* Problem description: Below are entries. Give back exactly the lines from the one containing "A spectacular lateral" through the one containing "ROLLA'S Classic Flare", inclusive, without the pictures.

* Information provided:
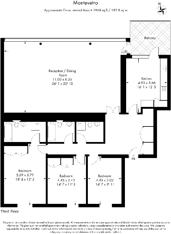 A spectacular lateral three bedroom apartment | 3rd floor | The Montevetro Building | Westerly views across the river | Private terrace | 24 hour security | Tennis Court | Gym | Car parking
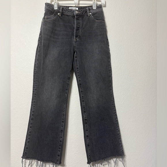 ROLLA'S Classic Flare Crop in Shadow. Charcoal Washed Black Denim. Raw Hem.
---
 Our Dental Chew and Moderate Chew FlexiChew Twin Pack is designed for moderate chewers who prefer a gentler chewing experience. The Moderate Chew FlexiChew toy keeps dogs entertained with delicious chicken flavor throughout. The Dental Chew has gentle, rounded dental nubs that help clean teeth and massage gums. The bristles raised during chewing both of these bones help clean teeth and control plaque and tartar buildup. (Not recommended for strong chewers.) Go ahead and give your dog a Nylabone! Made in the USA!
---
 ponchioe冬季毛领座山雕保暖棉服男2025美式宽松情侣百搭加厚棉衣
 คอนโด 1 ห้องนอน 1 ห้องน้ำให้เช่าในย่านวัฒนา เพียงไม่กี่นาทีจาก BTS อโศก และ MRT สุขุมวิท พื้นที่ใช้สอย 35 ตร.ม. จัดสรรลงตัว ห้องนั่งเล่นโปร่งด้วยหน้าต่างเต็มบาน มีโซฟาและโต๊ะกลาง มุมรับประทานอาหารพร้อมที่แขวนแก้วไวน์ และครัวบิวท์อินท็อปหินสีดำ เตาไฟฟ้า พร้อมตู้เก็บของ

* Solution to the problem:
 A spectacular lateral three bedroom apartment | 3rd floor | The Montevetro Building | Westerly views across the river | Private terrace | 24 hour security | Tennis Court | Gym | Car parking
 ROLLA'S Classic Flare Crop in Shadow. Charcoal Washed Black Denim. Raw Hem.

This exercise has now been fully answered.